═════ DATA FOR THE TASK

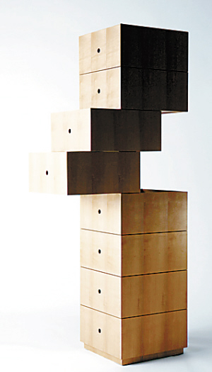 這個(gè)由女設(shè)計(jì)師Tadao Hoshino設(shè)計(jì)的“異形”抽屜組合,靈感來自于一位女性不斷膨脹的儲(chǔ)物愿望。同為女性,女設(shè)計(jì)師Hoshino比任何人都明白女士們總會(huì)不斷購買服飾而讓自己的抽屜不堪負(fù)荷。這個(gè)組合家具共有八個(gè)相同的抽屜,雖然每個(gè)抽屜的樣子并不特別,只是四方的木質(zhì)抽屜,然而每個(gè)抽屜的排列方式卻很特別,形成了一種組合的趣味。(陳薇薇、陳晶晶)
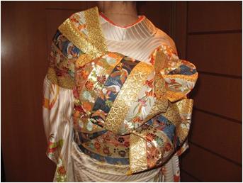 左脇にして後板を入れ一巻き、さらに一巻きして手先を上に一結びし、箱ヒダを作
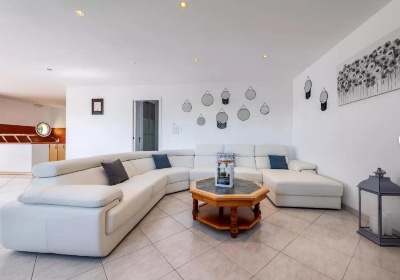 Appartement 3 Chambres. Featuring a private entrance, this air-conditioned apartment comprises 1 living room, 3 separate bedrooms and 1 bathroom with a shower and a hairdryer. Guests will find a stovetop, a refrigerator, a dishwasher and kitchenware in the kitchen. The apartment also provides guests with a barbecue. The spacious apartment provides a flat-screen TV with cable channels, a washing machine, a minibar, a tea and coffee maker as well as sea views. The unit offers 4 beds.
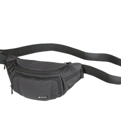 Bauchtasche mit mehreren Taschen aus SLF (Strong Light Fabric) mit großer Öffnung oben und Sicherheitstasche hinten. 2 Seitentaschen am Hüftgurt Fronttasche körperberührte Teile aus atmungsaktivem Mesh-Gewebe interner Organisator Technische Daten: Gewicht: 140 g Maße: 26 x 10 x 10 cm Material: Mesh-Gewebe Farbe: schwarz Lieferumfang: Ferrino Ibis Bauchtasche
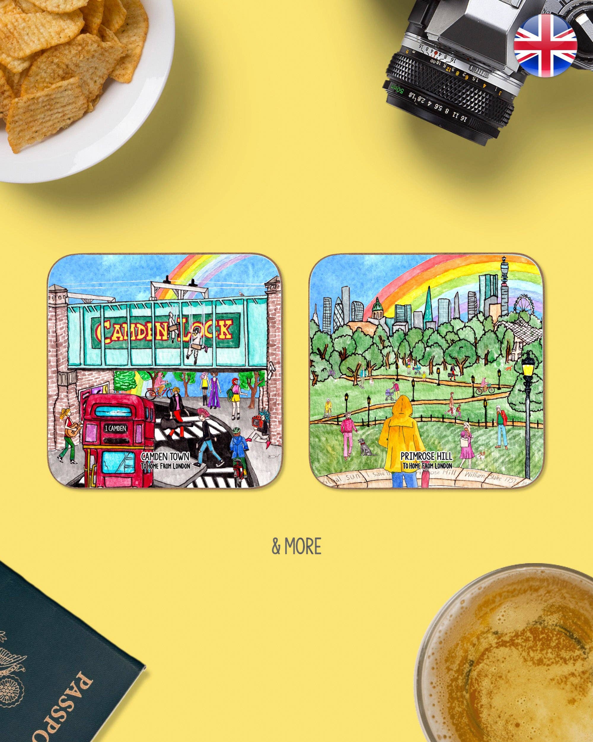 Souvenir /suːvəˈnɪə/ (nom) : chose qui est conservée comme rappel d'une personne, d'un lieu ou d'un événement. Je suis sûr que vous pourriez nommer une marque de cola, de bonbons ou de vêtements... non ? Mais que diriez-vous d'une marque de souvenirs ? To Home From London est la première marque de souvenirs du genre, redéfinissant un marché autrement traditionnel. Les motifs peints à la main aux aquarelles vibrantes font de nos souvenirs le meilleur moyen de commémorer votre voyage ! Londres sera toujours au cœur de notre marque, mais notre objectif était toujours d'offrir nos souvenirs au reste du monde. En partant de cette pensée, To Home From Where ? est né. Les ailes dont nous avions besoin pour emporter nos souvenirs dans le monde entier ! Si les souvenirs sont le souvenir d'une personne, d'un lieu ou d'un événement... pourquoi devraient-ils se limiter aux babioles collecteurs de poussière ? Déplacez-vous sur les figurines de la Tour Eiffel et les porte-clés Big Ben, car nous sommes là pour REDÉFINIR LES SOUVENIRS !
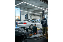 Bei der Umsetzung zeigte die Community gutes Gespür für Stil und Technik. Der 3er erhielt u.a. Angel-Eyes-Frontscheinwerfer und Eagle-Eyes-Heckleuchten, Felgen im Alpina-Design und eine zweiflutige Edelstahl-Abgasanlage. Für das Fahrwerk fiel die Wahl auf ein sportliches KW-Gewindefahrwerk, das den klassischen E36 optisch tieferlegt und fahrdynamisch aufwertet. Die abgestimmte Tieferlegung und das Zusammenspiel aus Rädern, Fahrwerk und Folierung verleihen dem Showcar einen stimmigen Auftritt, der seinen Charakter als Sportwagen unterstreicht. Für den kompletten Umbau wurden rund 30 Komponenten verbaut, die ausschließlich aus dem eBay-Sortiment stammen. Darunter Scheinwerfer, Heckspoiler, Felgen, Sportbremsen und -fahrwerk und vieles mehr. Ein Beleg dafür, wie vielfältig und umfassend das Angebot an sofort verfügbaren Ersatz- und Nachrüstteilen bei eBay ist und welche Möglichkeiten es Schrauber*innen und Tuning-Fans bietet, ihre eigenen Projekte zu verwirklichen.
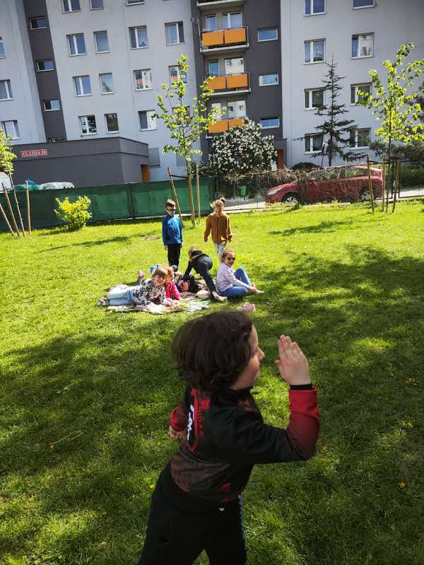 Nie zabrakło również czasu na aktywność fizyczną – podczas wyjścia na boisko dzieci mogły swobodnie biegać, grać w piłkę i cieszyć się piękną pogodą. Zabawy na świeżym powietrzu są nieodłącznym elementem zdrowego rozwoju, dlatego każda taka okazja była dla dzieci źródłem wielkiej radości.

══════════

_WORK REQUIRED_. All of the data is to be returned exactly, with no pictures included.

_COMPLETED TASK_.
 這個(gè)由女設(shè)計(jì)師Tadao Hoshino設(shè)計(jì)的“異形”抽屜組合,靈感來自于一位女性不斷膨脹的儲(chǔ)物愿望。同為女性,女設(shè)計(jì)師Hoshino比任何人都明白女士們總會(huì)不斷購買服飾而讓自己的抽屜不堪負(fù)荷。這個(gè)組合家具共有八個(gè)相同的抽屜,雖然每個(gè)抽屜的樣子并不特別,只是四方的木質(zhì)抽屜,然而每個(gè)抽屜的排列方式卻很特別,形成了一種組合的趣味。(陳薇薇、陳晶晶)
 左脇にして後板を入れ一巻き、さらに一巻きして手先を上に一結びし、箱ヒダを作
 Appartement 3 Chambres. Featuring a private entrance, this air-conditioned apartment comprises 1 living room, 3 separate bedrooms and 1 bathroom with a shower and a hairdryer. Guests will find a stovetop, a refrigerator, a dishwasher and kitchenware in the kitchen. The apartment also provides guests with a barbecue. The spacious apartment provides a flat-screen TV with cable channels, a washing machine, a minibar, a tea and coffee maker as well as sea views. The unit offers 4 beds.
 Bauchtasche mit mehreren Taschen aus SLF (Strong Light Fabric) mit großer Öffnung oben und Sicherheitstasche hinten. 2 Seitentaschen am Hüftgurt Fronttasche körperberührte Teile aus atmungsaktivem Mesh-Gewebe interner Organisator Technische Daten: Gewicht: 140 g Maße: 26 x 10 x 10 cm Material: Mesh-Gewebe Farbe: schwarz Lieferumfang: Ferrino Ibis Bauchtasche
 Souvenir /suːvəˈnɪə/ (nom) : chose qui est conservée comme rappel d'une personne, d'un lieu ou d'un événement. Je suis sûr que vous pourriez nommer une marque de cola, de bonbons ou de vêtements... non ? Mais que diriez-vous d'une marque de souvenirs ? To Home From London est la première marque de souvenirs du genre, redéfinissant un marché autrement traditionnel. Les motifs peints à la main aux aquarelles vibrantes font de nos souvenirs le meilleur moyen de commémorer votre voyage ! Londres sera toujours au cœur de notre marque, mais notre objectif était toujours d'offrir nos souvenirs au reste du monde. En partant de cette pensée, To Home From Where ? est né. Les ailes dont nous avions besoin pour emporter nos souvenirs dans le monde entier ! Si les souvenirs sont le souvenir d'une personne, d'un lieu ou d'un événement... pourquoi devraient-ils se limiter aux babioles collecteurs de poussière ? Déplacez-vous sur les figurines de la Tour Eiffel et les porte-clés Big Ben, car nous sommes là pour REDÉFINIR LES SOUVENIRS !
 Bei der Umsetzung zeigte die Community gutes Gespür für Stil und Technik. Der 3er erhielt u.a. Angel-Eyes-Frontscheinwerfer und Eagle-Eyes-Heckleuchten, Felgen im Alpina-Design und eine zweiflutige Edelstahl-Abgasanlage. Für das Fahrwerk fiel die Wahl auf ein sportliches KW-Gewindefahrwerk, das den klassischen E36 optisch tieferlegt und fahrdynamisch aufwertet. Die abgestimmte Tieferlegung und das Zusammenspiel aus Rädern, Fahrwerk und Folierung verleihen dem Showcar einen stimmigen Auftritt, der seinen Charakter als Sportwagen unterstreicht. Für den kompletten Umbau wurden rund 30 Komponenten verbaut, die ausschließlich aus dem eBay-Sortiment stammen. Darunter Scheinwerfer, Heckspoiler, Felgen, Sportbremsen und -fahrwerk und vieles mehr. Ein Beleg dafür, wie vielfältig und umfassend das Angebot an sofort verfügbaren Ersatz- und Nachrüstteilen bei eBay ist und welche Möglichkeiten es Schrauber*innen und Tuning-Fans bietet, ihre eigenen Projekte zu verwirklichen.
 Nie zabrakło również czasu na aktywność fizyczną – podczas wyjścia na boisko dzieci mogły swobodnie biegać, grać w piłkę i cieszyć się piękną pogodą. Zabawy na świeżym powietrzu są nieodłącznym elementem zdrowego rozwoju, dlatego każda taka okazja była dla dzieci źródłem wielkiej radości.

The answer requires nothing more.